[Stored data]
===============

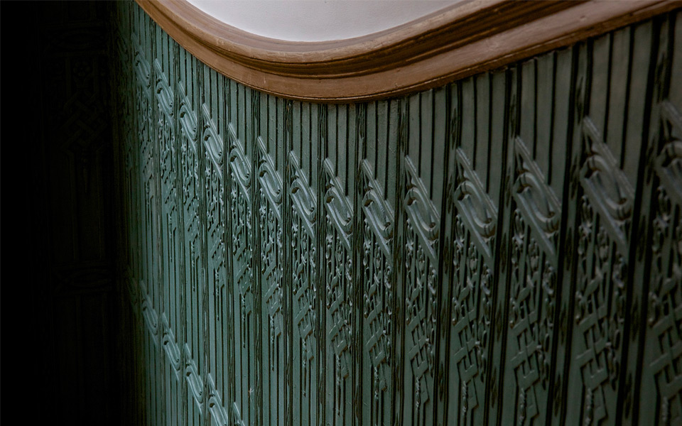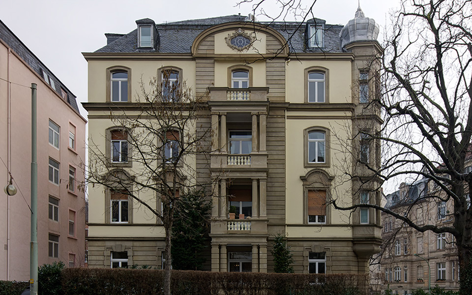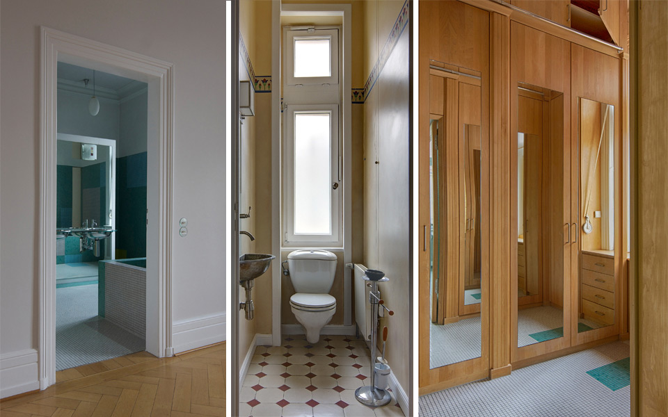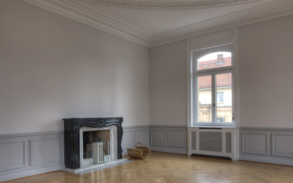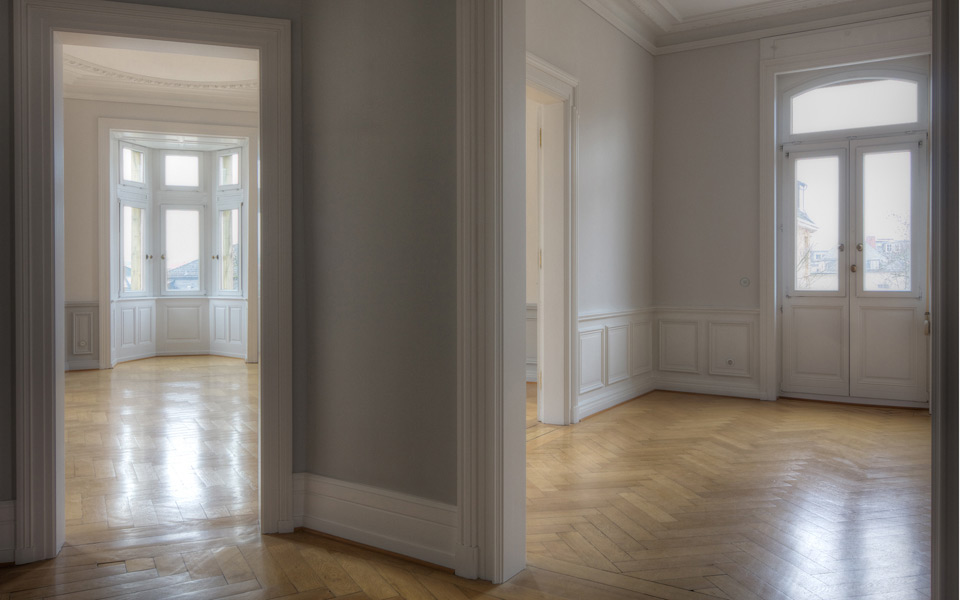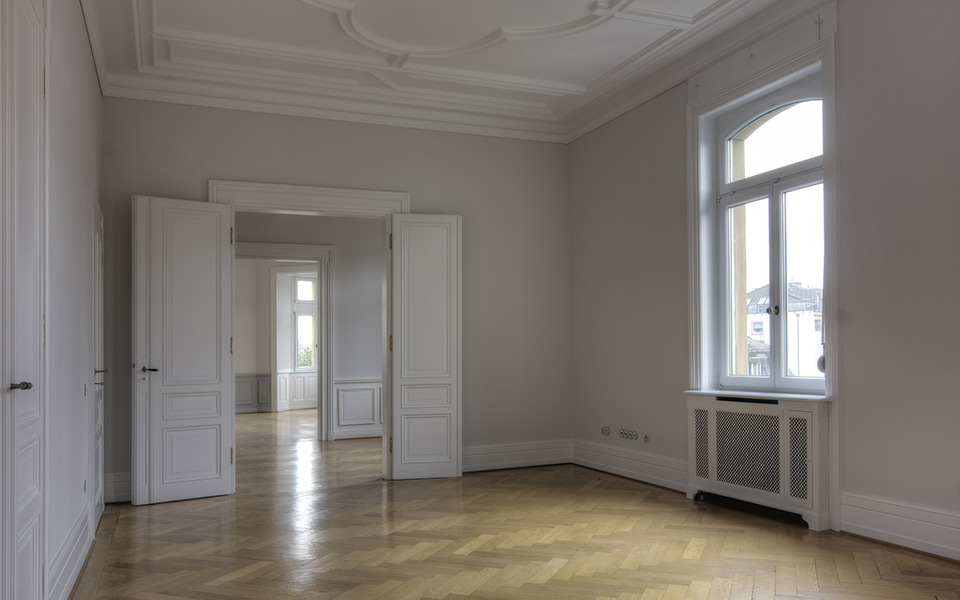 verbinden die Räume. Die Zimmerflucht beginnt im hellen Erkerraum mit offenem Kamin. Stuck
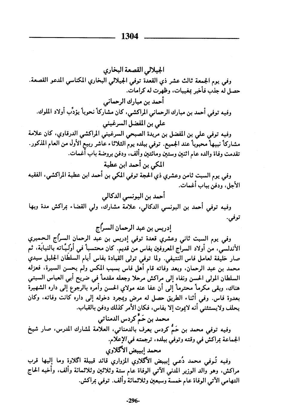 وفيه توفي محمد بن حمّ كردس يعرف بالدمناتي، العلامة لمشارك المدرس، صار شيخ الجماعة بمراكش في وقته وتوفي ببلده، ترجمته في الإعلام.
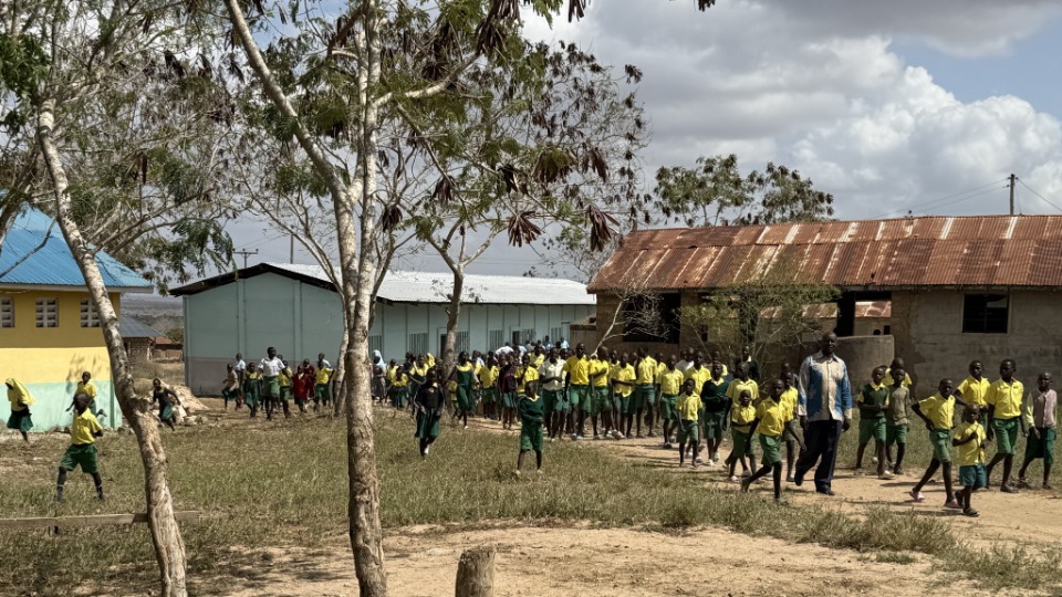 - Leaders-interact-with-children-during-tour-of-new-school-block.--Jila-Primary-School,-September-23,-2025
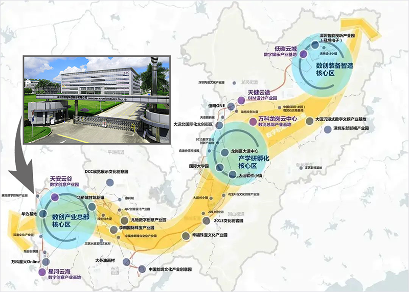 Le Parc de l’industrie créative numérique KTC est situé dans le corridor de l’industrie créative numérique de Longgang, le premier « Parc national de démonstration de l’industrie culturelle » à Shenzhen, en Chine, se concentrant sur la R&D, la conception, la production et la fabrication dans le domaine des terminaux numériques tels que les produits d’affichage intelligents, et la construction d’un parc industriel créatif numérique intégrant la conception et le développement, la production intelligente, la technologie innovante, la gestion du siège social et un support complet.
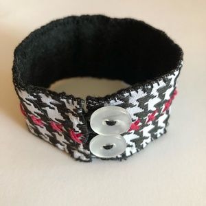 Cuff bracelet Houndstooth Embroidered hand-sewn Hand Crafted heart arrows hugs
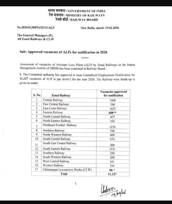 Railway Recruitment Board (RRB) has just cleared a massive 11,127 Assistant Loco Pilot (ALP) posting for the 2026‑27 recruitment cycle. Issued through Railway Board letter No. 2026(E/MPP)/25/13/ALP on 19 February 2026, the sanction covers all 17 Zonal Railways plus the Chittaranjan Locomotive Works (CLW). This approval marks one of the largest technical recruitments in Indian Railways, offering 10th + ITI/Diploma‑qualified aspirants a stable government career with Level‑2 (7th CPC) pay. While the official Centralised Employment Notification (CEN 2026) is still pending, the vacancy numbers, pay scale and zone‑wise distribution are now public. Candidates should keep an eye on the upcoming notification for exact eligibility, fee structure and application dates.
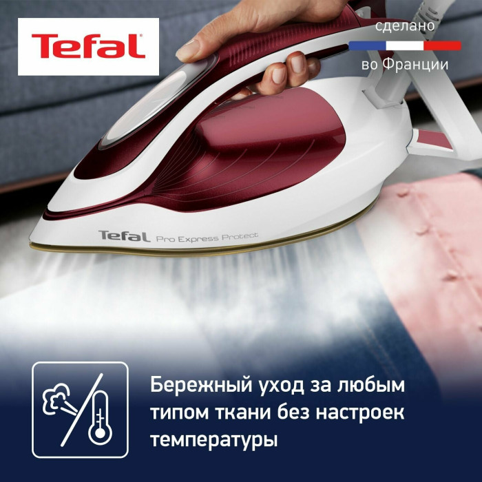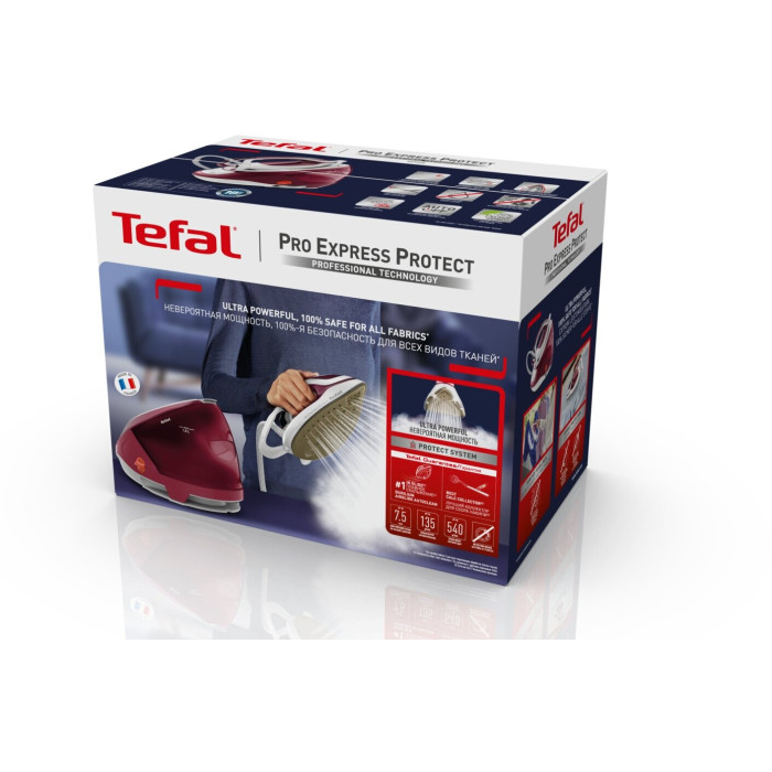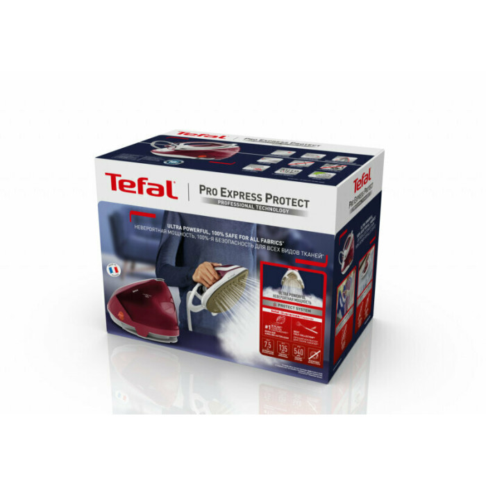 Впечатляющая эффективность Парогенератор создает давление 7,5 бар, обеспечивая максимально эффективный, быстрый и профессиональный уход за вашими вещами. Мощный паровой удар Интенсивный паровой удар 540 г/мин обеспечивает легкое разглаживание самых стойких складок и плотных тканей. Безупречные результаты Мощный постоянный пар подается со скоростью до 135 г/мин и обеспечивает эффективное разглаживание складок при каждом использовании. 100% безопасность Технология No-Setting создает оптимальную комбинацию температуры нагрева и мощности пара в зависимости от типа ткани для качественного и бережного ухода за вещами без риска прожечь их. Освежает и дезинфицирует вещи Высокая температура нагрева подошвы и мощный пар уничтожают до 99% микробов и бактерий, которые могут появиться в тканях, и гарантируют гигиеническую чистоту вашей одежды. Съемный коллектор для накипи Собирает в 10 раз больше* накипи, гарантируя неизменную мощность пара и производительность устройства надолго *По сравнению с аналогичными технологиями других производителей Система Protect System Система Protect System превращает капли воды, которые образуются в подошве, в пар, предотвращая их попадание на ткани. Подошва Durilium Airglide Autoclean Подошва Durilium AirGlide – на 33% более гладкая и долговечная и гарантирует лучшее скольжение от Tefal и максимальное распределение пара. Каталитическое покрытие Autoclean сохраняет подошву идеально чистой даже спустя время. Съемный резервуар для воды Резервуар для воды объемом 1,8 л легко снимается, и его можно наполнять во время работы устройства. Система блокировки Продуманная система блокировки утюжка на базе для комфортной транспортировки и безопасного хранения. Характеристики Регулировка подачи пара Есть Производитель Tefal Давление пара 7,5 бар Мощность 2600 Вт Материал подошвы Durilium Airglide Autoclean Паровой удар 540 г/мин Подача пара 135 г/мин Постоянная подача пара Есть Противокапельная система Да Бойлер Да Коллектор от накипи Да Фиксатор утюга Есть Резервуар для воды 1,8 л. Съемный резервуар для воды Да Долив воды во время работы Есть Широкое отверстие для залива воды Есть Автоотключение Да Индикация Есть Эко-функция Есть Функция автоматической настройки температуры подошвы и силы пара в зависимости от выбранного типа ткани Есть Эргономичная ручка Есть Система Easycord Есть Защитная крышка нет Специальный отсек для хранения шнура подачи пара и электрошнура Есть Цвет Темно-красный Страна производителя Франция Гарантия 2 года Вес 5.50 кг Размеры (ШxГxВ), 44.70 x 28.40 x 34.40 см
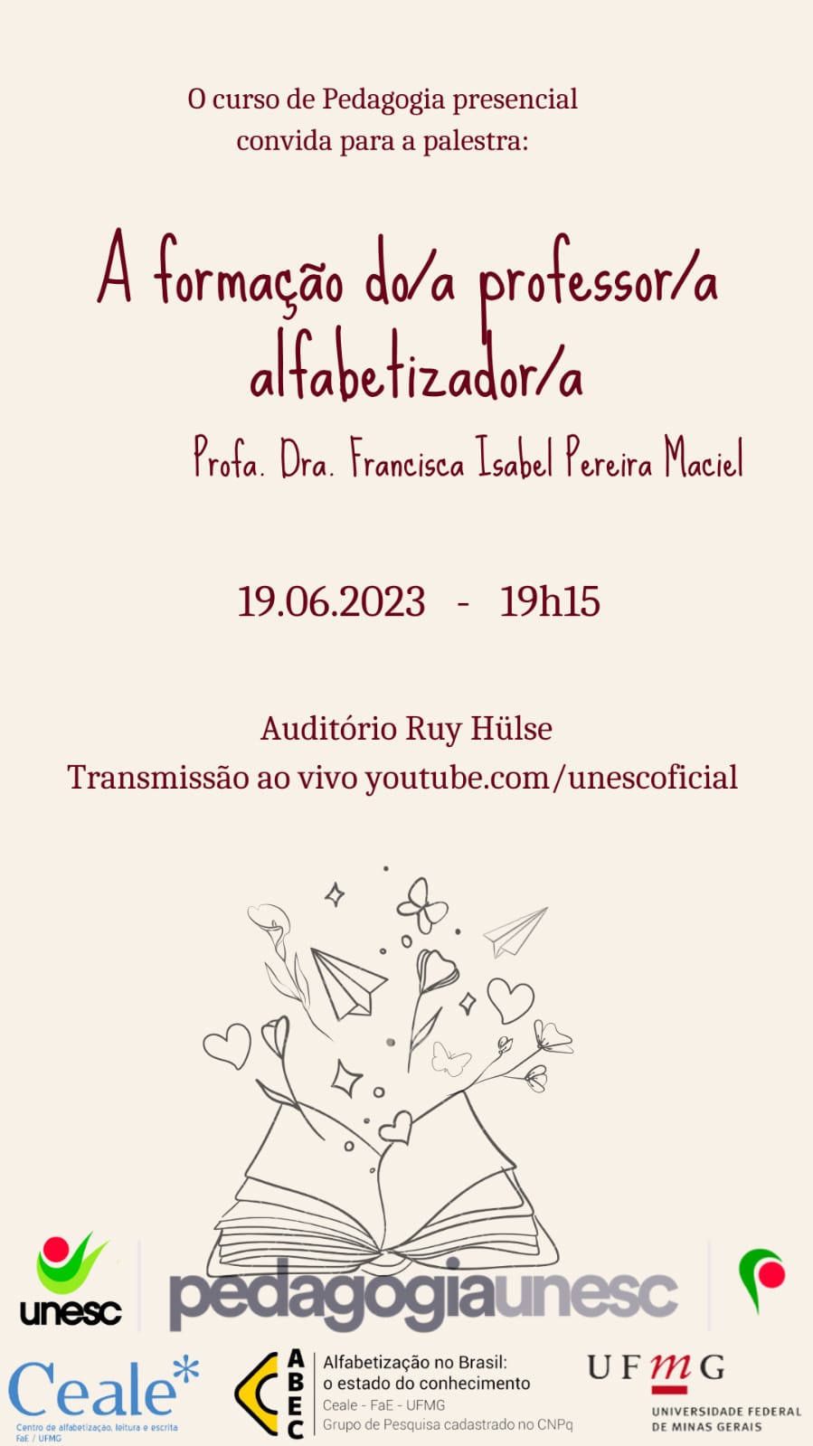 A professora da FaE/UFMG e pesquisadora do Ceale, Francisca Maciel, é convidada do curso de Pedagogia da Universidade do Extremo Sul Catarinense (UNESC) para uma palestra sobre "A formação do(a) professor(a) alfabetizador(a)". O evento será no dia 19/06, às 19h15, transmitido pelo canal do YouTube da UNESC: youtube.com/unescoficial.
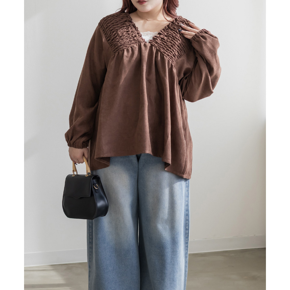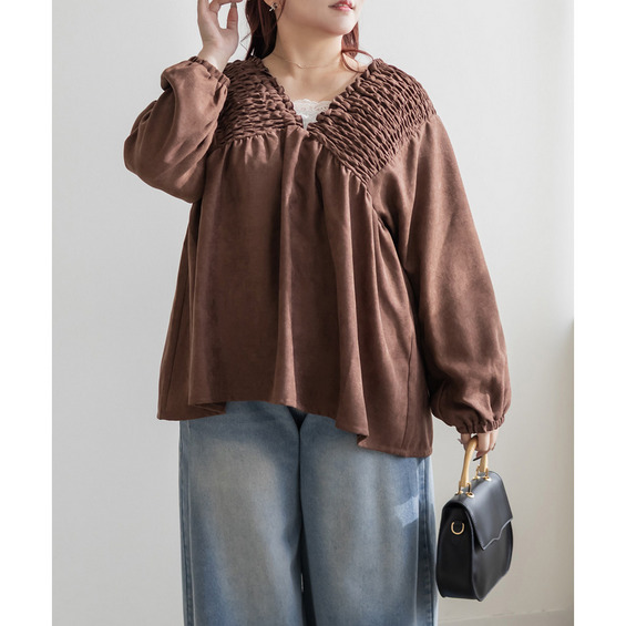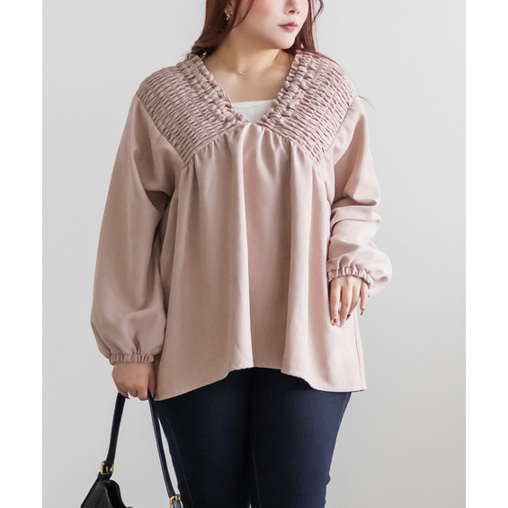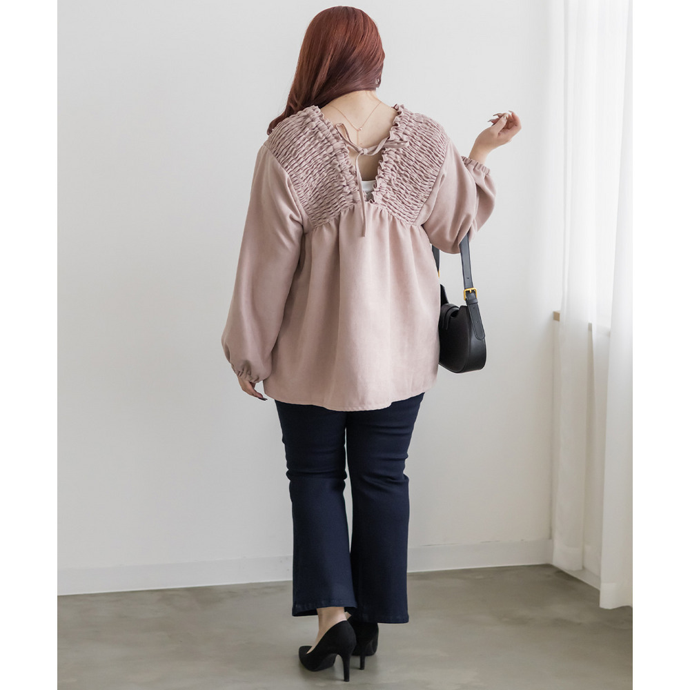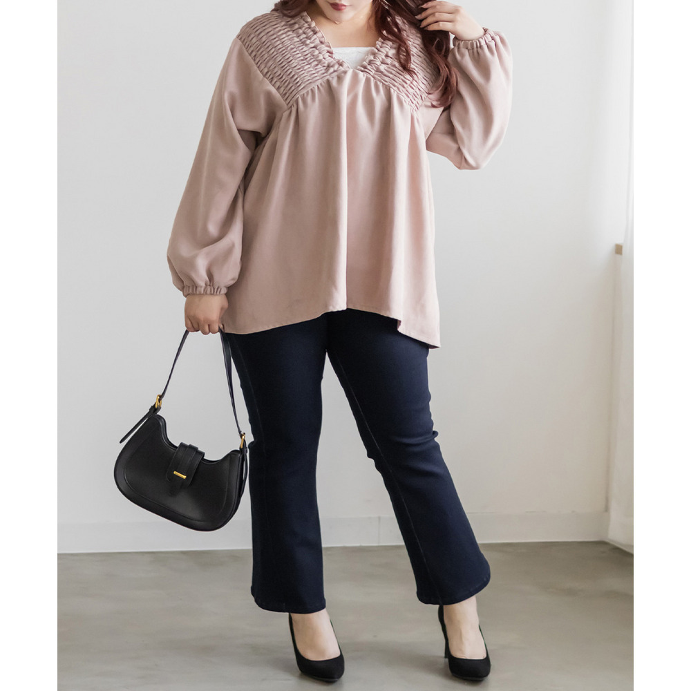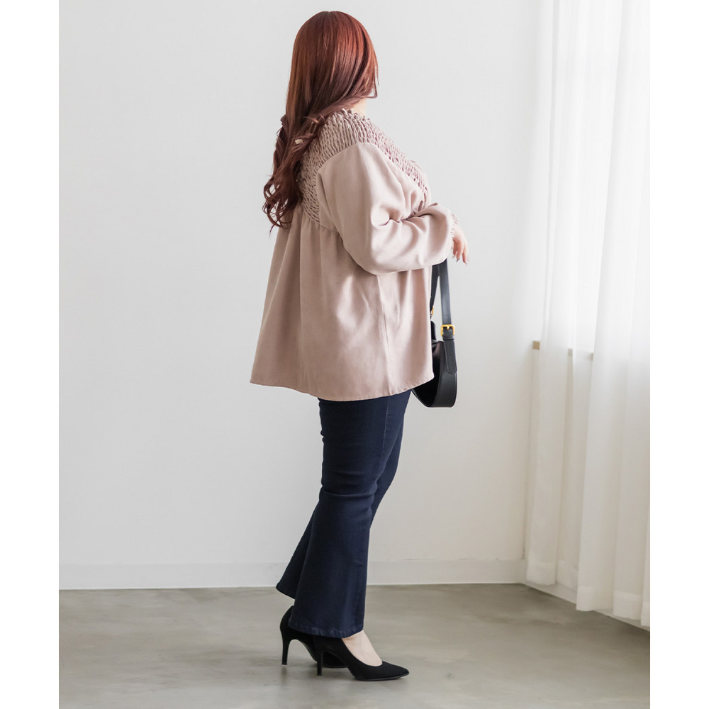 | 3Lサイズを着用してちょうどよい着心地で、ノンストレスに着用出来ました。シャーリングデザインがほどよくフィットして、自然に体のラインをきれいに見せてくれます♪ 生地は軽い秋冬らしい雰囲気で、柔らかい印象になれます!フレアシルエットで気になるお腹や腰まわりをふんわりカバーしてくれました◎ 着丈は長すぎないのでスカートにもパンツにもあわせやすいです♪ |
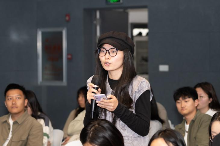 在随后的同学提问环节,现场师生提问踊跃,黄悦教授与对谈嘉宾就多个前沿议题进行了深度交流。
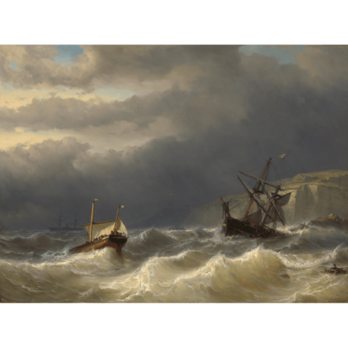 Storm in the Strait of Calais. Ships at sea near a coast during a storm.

===============

• _Work item_
All lines from the one containing "在随后的同学提问环节,现场师" through the end of the data are to be written out exactly, with nothing added; skip the pictures.

• _Answer box_
 在随后的同学提问环节,现场师生提问踊跃,黄悦教授与对谈嘉宾就多个前沿议题进行了深度交流。
 Storm in the Strait of Calais. Ships at sea near a coast during a storm.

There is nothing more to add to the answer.